=== ASSIGNMENT ===
Look below for the line that has "Abteilungsleiter Michael Plenagl". Set down the lines from there through the line that has "Elegant lace halter", exactly as written.

(Recorded data)

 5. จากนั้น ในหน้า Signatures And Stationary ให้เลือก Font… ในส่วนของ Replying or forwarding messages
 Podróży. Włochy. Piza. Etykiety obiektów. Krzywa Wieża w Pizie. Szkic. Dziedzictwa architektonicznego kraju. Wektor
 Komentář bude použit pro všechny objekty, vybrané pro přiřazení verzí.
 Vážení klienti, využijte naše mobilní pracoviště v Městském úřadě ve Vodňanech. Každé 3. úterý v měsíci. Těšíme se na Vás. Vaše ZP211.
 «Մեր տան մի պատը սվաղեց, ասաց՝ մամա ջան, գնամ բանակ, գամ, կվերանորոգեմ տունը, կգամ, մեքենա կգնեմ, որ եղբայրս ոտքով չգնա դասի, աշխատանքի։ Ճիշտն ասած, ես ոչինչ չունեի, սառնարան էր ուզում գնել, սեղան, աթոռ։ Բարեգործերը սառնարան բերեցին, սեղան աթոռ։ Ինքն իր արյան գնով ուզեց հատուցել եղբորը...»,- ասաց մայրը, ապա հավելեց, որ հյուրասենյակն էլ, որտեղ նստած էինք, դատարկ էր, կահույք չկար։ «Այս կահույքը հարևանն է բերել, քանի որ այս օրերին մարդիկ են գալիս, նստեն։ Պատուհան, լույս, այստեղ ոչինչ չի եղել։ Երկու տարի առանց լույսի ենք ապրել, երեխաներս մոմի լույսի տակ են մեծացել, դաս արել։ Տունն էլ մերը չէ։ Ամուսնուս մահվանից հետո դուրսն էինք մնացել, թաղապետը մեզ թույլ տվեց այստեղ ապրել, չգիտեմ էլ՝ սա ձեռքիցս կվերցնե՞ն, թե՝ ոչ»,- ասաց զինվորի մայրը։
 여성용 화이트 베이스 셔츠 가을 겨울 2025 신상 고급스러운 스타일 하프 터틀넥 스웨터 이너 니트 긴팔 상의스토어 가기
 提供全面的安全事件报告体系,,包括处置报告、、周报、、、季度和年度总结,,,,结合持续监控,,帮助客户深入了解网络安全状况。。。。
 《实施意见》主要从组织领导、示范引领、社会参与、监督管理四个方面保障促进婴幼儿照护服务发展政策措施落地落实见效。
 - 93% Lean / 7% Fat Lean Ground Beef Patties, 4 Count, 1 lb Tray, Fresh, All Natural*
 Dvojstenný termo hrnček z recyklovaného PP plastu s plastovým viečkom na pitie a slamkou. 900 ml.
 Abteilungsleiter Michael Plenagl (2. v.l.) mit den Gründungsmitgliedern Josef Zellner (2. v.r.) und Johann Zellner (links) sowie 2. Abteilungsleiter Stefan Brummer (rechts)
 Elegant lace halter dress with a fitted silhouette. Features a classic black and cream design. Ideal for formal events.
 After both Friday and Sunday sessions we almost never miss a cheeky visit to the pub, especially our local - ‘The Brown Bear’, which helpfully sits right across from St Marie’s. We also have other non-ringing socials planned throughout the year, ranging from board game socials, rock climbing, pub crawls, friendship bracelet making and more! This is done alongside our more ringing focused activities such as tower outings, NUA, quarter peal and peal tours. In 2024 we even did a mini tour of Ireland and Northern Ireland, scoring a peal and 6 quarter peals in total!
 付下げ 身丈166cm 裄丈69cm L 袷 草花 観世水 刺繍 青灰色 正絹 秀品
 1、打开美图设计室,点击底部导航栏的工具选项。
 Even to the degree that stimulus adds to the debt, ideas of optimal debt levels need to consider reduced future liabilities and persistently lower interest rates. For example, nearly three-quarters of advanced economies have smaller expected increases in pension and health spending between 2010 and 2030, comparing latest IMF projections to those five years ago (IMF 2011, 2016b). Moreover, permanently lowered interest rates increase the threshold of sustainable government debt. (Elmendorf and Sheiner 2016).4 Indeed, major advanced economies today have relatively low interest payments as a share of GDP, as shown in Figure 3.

=== TASK RESPONSE ===
 Abteilungsleiter Michael Plenagl (2. v.l.) mit den Gründungsmitgliedern Josef Zellner (2. v.r.) und Johann Zellner (links) sowie 2. Abteilungsleiter Stefan Brummer (rechts)
 Elegant lace halter dress with a fitted silhouette. Features a classic black and cream design. Ideal for formal events.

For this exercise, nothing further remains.